La rotondità e l’impasto lievitato e schiacciato prima di condirlo e cuocerlo assocerebbero la pizza italiana a decine di preparazioni che possiamo trovare in tutte le cucine dei Paesi affacciati sul Mediterraneo e che portano sino ai giorni nostri prodotti simili ma con evoluzioni estremamente diverse. Partendo da questo assunto, abbiamo provato ad esplorare come viene percepita la pizza italiana all’estero, quali sono state le sue evoluzioni per adeguarsi ai gusti locali e soprattutto cosa ritrovano nel piatto i nostri connazionali e gli esperti che vivono in altri Paesi. La diffusione della pizza italiana contemporanea merita una piccola digressione storica. Nel Sud Italia - e specificamente nella Napoli di inizio ‘800 - si trovano testimonianze scritte di un prodotto che ricorda molto da vicino la pizza moderna.
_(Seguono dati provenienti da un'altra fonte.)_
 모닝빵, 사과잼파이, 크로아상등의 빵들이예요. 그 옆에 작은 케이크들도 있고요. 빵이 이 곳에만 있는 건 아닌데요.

Considerato un cibo estremamente comune e consumato in varie forme, fogge e cotture, la pizza del tempo era già interpretata in molti modi: stesa e cotta in forno a legna, fritta, piegata a portafoglio, richiusa a calzone. La diffusione del consumo della pizza nel resto d’Italia e nel mondo arriverà soltanto con i grandi flussi migratori di inizio Novecento, incrementatisi a cavallo delle due guerre mondiali e culminati nel periodo post-bellico fino alla prima metà degli anni ’60. Gli Italiani emigranti portavano con sé la speranza di un futuro migliore ed il bagaglio di cultura culinaria delle terre d’origine e quindi, nel nostro caso specifico, quella tradizione della produzione della pizza che è diventata uno tra i vessilli della cucina tricolore più famosi in tutto il mondo.